Webb telescope stares into a galaxy that's long intrigued scientists

In 1884, over a century before the James Webb Space Telescope was even imagined, astronomer E. E. Barnard spotted a faint object in the sky. He supposed it was a great cosmic cloud, called a nebula. Other scientists weren't so sure.

Then in the 1920s, the famed astronomer Edwin Hubble — which the Earth-orbiting Hubble telescope is named for — deeply investigated NGC 6822. He found it existed well beyond our Milky Way galaxy, helping to prove objects lay outside of our cosmic neighborhood.
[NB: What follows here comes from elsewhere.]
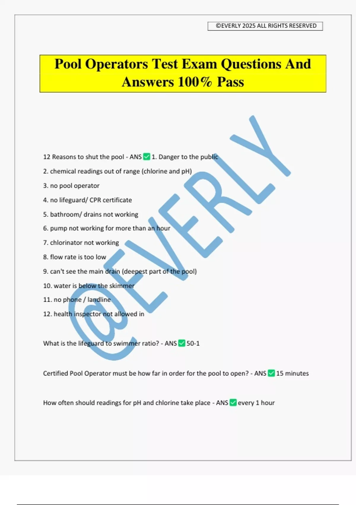 Pool Operators Test Exam Questions And Answers 100% Pass 12 Reasons to shut the pool - ANS 1. Danger to the public 2. chemical readings out of range (chlorine and pH) 3. no pool operator 4. no lifeguard/ CPR certificate 5. bathroom/ drains not working 6. pump not working for more than an hour 7. chlorinator not working 8. flow rate is too low 9. can't see the main drain (deepest part of the pool) 10. water is below the skimmer 11. no phone / landline 12. health inspector not allowed in What is the lifeguard to swimmer ratio? - ANS 50-1 Certified Pool Operator must be how far in order for the pool to open? - ANS 15 minutes How often should readings for pH and chlorine take place - ANS every 1 hour ©EVERLY 2025 ALL RIGHTS RESERVED How long do records need to be held? - ANS 2 years at the pool and 3 years total What is they key to a safe facility? - ANS Prevention Most drownings of victims happen when? - ANS under 4 feet of water under 4 feet tall under 7 years old What does water balance consist of? (5) - ANS pH, Total Alkalinity, Calcium Hardness, Temperature, and Total Dissolved solids (chlorine only disinfects water, it does not maintain sanitary qualities) when does corrosive water happen? - ANS -when the water balance is too low -satisfies its hunger by dissolving it comes in contact with -attacks metals and iron When does scaling water happen? - ANS - when water balance is too high -relieve its overfed condition by releasing precipitates as scale , cloudiness, and residue what is pH? - ANS how basic or how acidic a solution is explain the pH scale. - ANS 0-6: acidic 7: neutral 8-14: basic what is the pH of the human ey

Scientists continued to investigate NGC 6822, which today we know as a galaxy located some 1.5 million light-years away (meaning it takes 1.5 million years for its distant light to reach us).
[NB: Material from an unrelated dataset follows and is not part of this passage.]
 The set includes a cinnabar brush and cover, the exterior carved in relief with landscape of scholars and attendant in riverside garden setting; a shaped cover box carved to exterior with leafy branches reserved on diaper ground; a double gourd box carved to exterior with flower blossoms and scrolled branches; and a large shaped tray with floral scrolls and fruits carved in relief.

Now, the Webb telescope — the most powerful space observatory ever built — has peered into NGC 6822, showing "countless stars in incredible detail," the European Space Agency (ESA) explained.
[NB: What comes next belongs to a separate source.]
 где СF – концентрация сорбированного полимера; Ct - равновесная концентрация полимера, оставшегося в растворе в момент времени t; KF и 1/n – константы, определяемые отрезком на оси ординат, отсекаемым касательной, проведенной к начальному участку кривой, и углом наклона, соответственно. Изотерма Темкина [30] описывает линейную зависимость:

- In the first image below, you can see these countless stars. This picture is made possible by Webb's unique abilities: The telescope can view a type of light we can't see with the naked eye, called "infrared light," which travels in longer waves than visible light and can pass through thick cosmic clouds that obscure the stars and details inside galaxies. "Here, the dust and gas that pervade the galaxy are reduced to translucent red wisps, laying the stars bare for astronomical study," the ESA explained. Webb captured this view using its Near-InfraRed Camera.

- The second image, taken with a different Webb camera called the Mid-InfraRed Instrument, sees light emitted by the great billowing clouds of gas and dust in NGC 6822. Here, many stars are obscured, but the camera reveals rich detail about these clouds. The blue gas, for example, plays "a critical role in the formation of stars and planets," the ESA explains.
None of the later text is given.